Prompt:
From the first line to the last, print the material exactly, skipping the pictures.

Data excerpt:
- - - - - - -

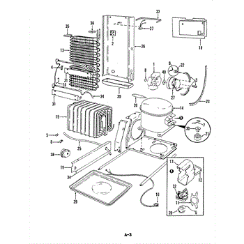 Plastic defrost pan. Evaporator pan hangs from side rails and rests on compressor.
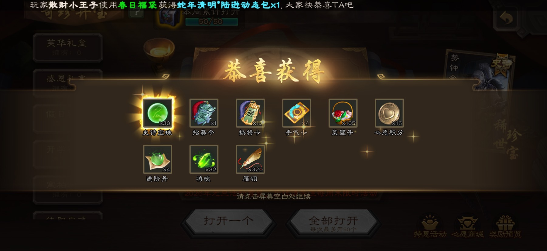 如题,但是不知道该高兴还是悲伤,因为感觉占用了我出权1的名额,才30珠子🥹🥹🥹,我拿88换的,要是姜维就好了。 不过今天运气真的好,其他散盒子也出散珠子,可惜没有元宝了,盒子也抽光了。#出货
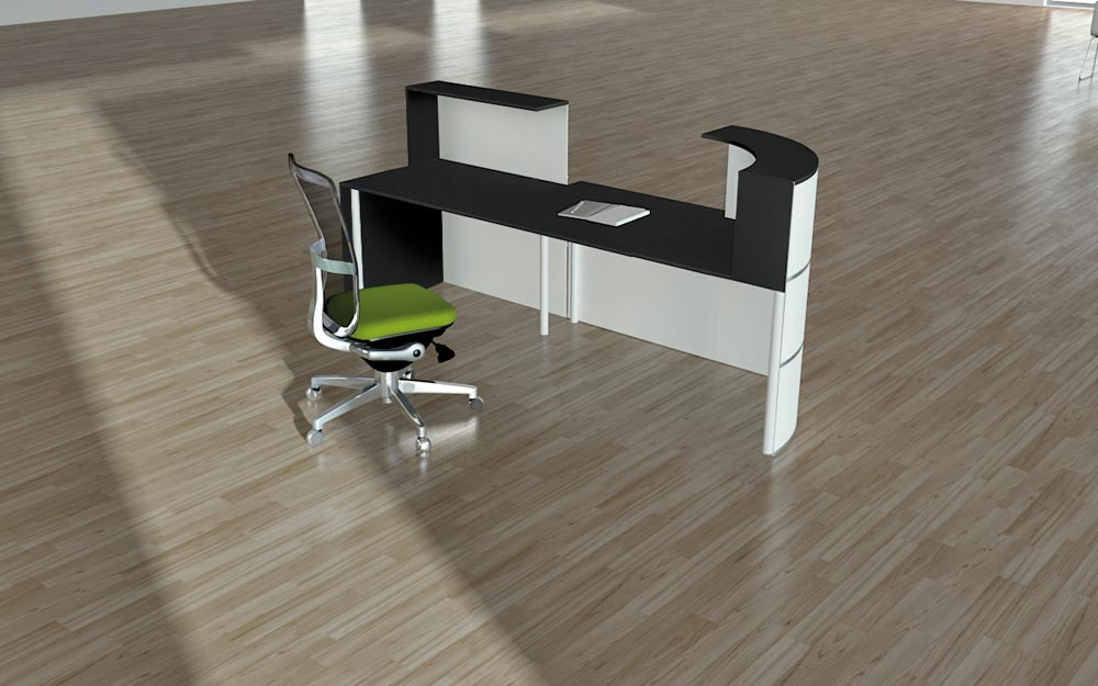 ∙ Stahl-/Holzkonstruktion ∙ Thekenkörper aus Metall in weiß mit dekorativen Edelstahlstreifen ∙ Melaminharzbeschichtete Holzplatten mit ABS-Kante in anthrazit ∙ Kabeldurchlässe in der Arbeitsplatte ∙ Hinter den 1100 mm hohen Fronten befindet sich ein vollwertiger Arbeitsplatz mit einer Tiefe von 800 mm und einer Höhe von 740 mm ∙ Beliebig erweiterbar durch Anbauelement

- - - - - - -

Task answer:
 Plastic defrost pan. Evaporator pan hangs from side rails and rests on compressor.
 如题,但是不知道该高兴还是悲伤,因为感觉占用了我出权1的名额,才30珠子🥹🥹🥹,我拿88换的,要是姜维就好了。 不过今天运气真的好,其他散盒子也出散珠子,可惜没有元宝了,盒子也抽光了。#出货
 ∙ Stahl-/Holzkonstruktion ∙ Thekenkörper aus Metall in weiß mit dekorativen Edelstahlstreifen ∙ Melaminharzbeschichtete Holzplatten mit ABS-Kante in anthrazit ∙ Kabeldurchlässe in der Arbeitsplatte ∙ Hinter den 1100 mm hohen Fronten befindet sich ein vollwertiger Arbeitsplatz mit einer Tiefe von 800 mm und einer Höhe von 740 mm ∙ Beliebig erweiterbar durch Anbauelement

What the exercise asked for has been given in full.